Monday, February 9, 2009

So It Begins...

I want to do this. I want to have a blog and learn all about blogging. I want a forum for my ideas and see if there is a pattern to all the crazy thoughts in my head. I want this to help me organize my thoughts. I wake up some days with so much running through my head and have no idea where to start. Sometimes I never really do. And feeling overwhelmed when you're unemployed just doesn't make sense to me. I can be stressed, but not overwhelmed.

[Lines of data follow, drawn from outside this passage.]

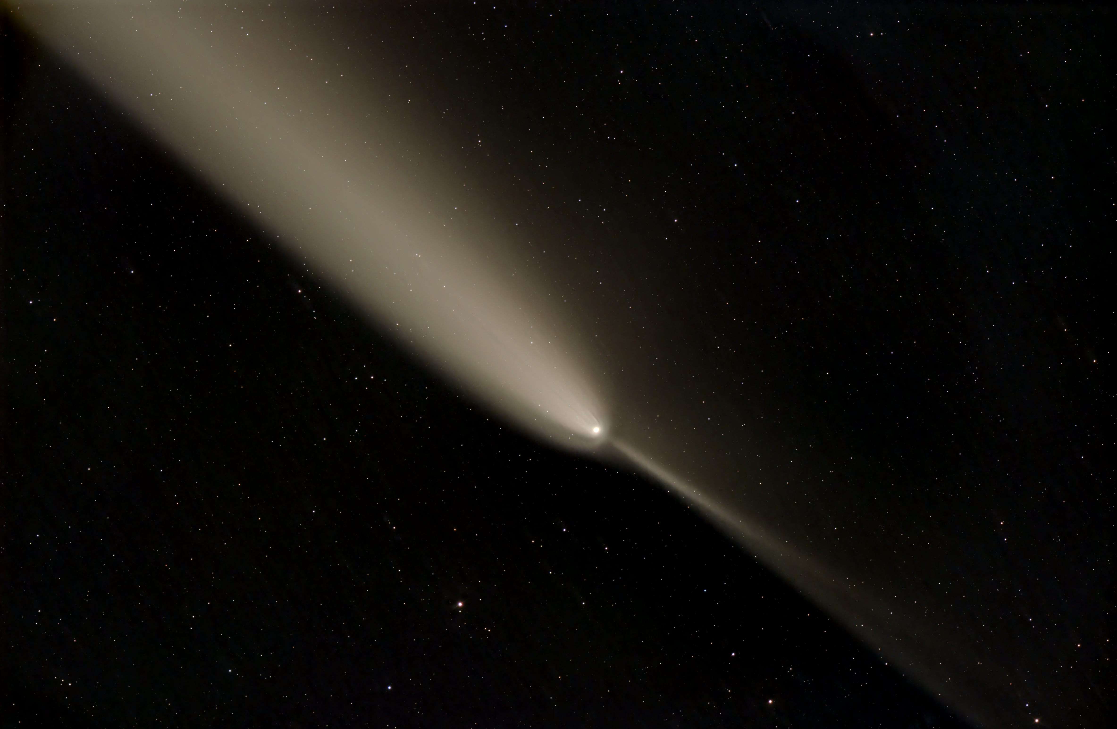 Image of comet C/2023 A3 (Tsuchinshan-ATLAS), obtained on 2024 Oct. 17 (19h11UT) at E-EYE Observatory in Spain with 280 mm, f/2.2 telescope and ASI6200MC. Image is a stack of 19 1-minute exposures. Copyright © 2024 by R. Palcic.
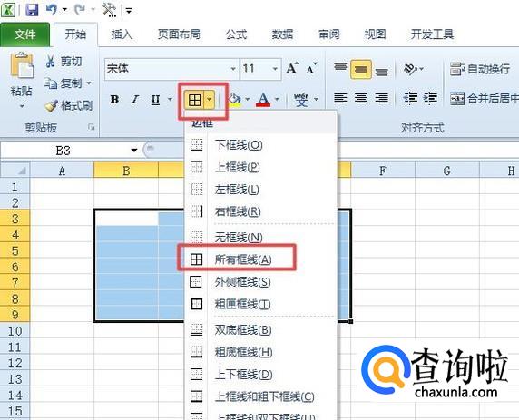 然后我们点击边框按钮边上的下拉箭头,弹出的界面,我们点击所有边框;
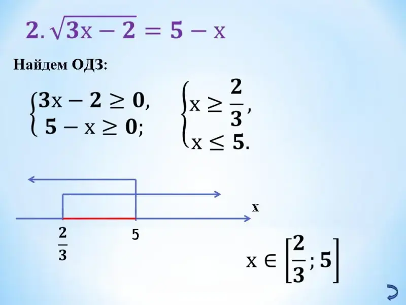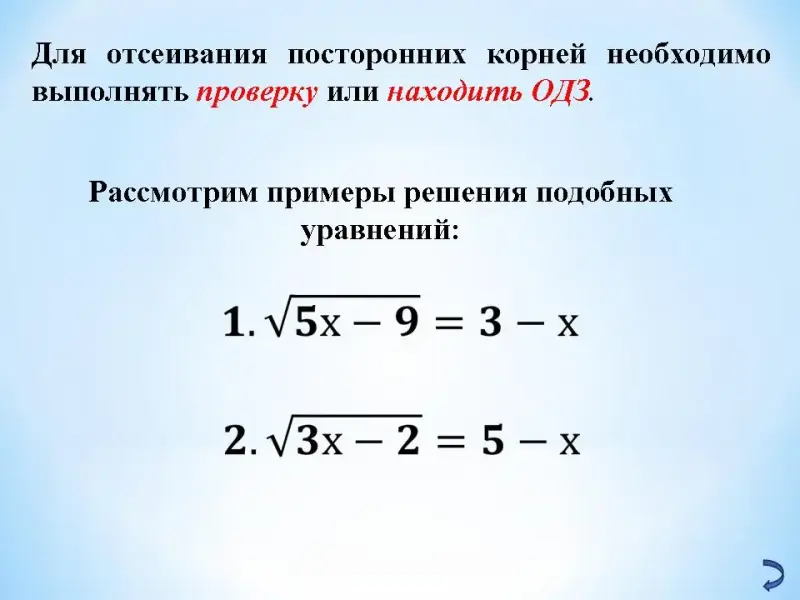 - Найти ОДЗ или после нахождения корней уравнения выполнить проверку.
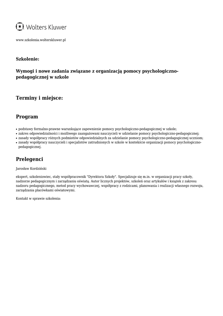 www.szkolenia.wolterskluwer.pl Szkolenie: Wymogi i nowe zadania związane z organizacją pomocy psychologicznopedagogicznej w szkole Terminy i miejsce: Program ● ● ● ● podstawy formalno-prawne warunkujące zapewnienie pomocy psychologiczno-pedagogicznej w szkole; zakres odpowiedzialności i możliwego zaangażowani nauczycieli w udzielanie pomocy psychologiczno-pedagogicznej; zasady współpracy różnych podmiotów odpowiedzialnych za udzielanie pomocy psychologiczno-pedagogicznej uczniom; zasady współpracy nauczycieli i specjalistów zatrudnionych w szkole w kontekście organizacji pomocy psychologicznopedagogicznej. Prelegenci Jarosław Kordziński ekspert, szkoleniowiec, stały współpracownik "Dyrektora Szkoły". Specjalizuje się m.in. w organizacji pracy szkoły, nadzorze pedagogicznym i zarządzaniu oświatą. Autor licznych projektów, szkoleń oraz artykułów i książek z zakresu nadzoru pedagogicznego, metod pracy wychowawczej, współpracy z rodzicami, planowania i realizacji własnego rozwoju, zarządzania placówkami oświatowymi. Kontakt w sprawie szkolenia:
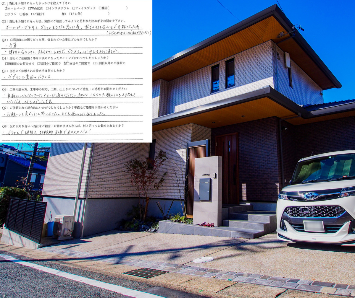自宅での打ち合わせが可能な外構屋さん!子供が小さいので助かりました。仕上がりは事前に頂いていたイメージ通りでとてもオシャレな外構になりました。こちらの細かいお願いにも対応していただき良かったです!愛知県清須市/N邸
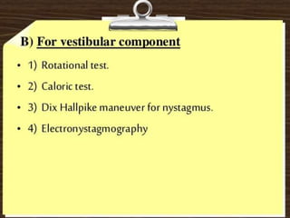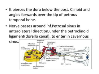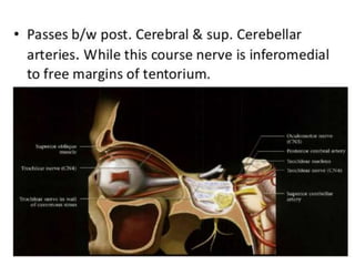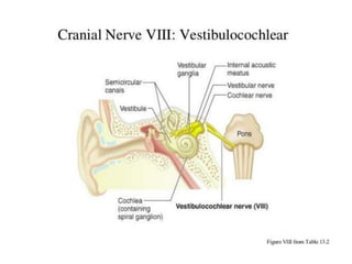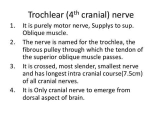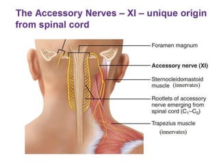This document provides information about examining the 12 cranial nerves. It discusses approaches to testing each nerve including optimal positioning of the patient, specific maneuvers to assess nerve function, and potential causes of abnormalities. For each nerve, it describes the anatomical course and key structures innervated. The summary focuses on testing methodology:
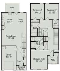 The Pinehurst at Ironhorse by Smith Douglas Homes features an open concept design which lets the light flow throughout the home, into the expansive family room. In the kitchen you may choose to retain the open flow or add a center island for more storage and counter space. The kitchen and dining room are off the back of the home and are steps away from the patio for back yard grilling. Upstairs you' ll find a laundry room large enough for all your home utilities storage, and three bedrooms, two featuring a walk- in closet. At the front of the home, the owner' s suite and ensuite are nicely appointed with a linen and water closet. Owner’s suite windows at the front of the home bring in the natural light.
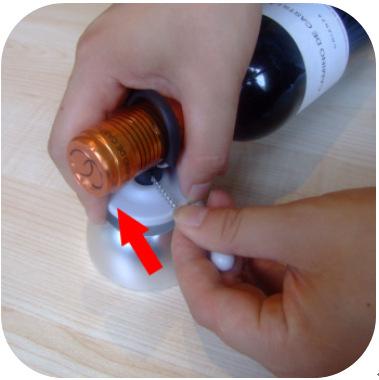 Abroche el cable de acero debajo del escalón de la botella de vino y apriete la brida (si no hay suficiente espacio, primero necesita desbloquearlo magnéticamente y aflojar el cable de acero para asegurar que haya suficiente espacio);

I've been applying to jobs like crazy...there is nothing out there, not really. I'm hoping February is my lucky month. Let's cross our fingers. I did my taxes today. I'm getting a nice amount back, and that should keep me afloat another month. I need to register my car in April and that's going to cost a pretty penny because Nevada bases your registration costs on the value of your car. Now, it'll be less than last year, but probably still about $300. I need to send the forbearance paperwork to my student loan providers, plus the paperwork for the student loan repayment plan the Navy does (which is a huge reason I decided to join). I've promised the universe that once I have a grip on this financial mess I'm in, I will work as hard as possible to get out of and stay out of debt.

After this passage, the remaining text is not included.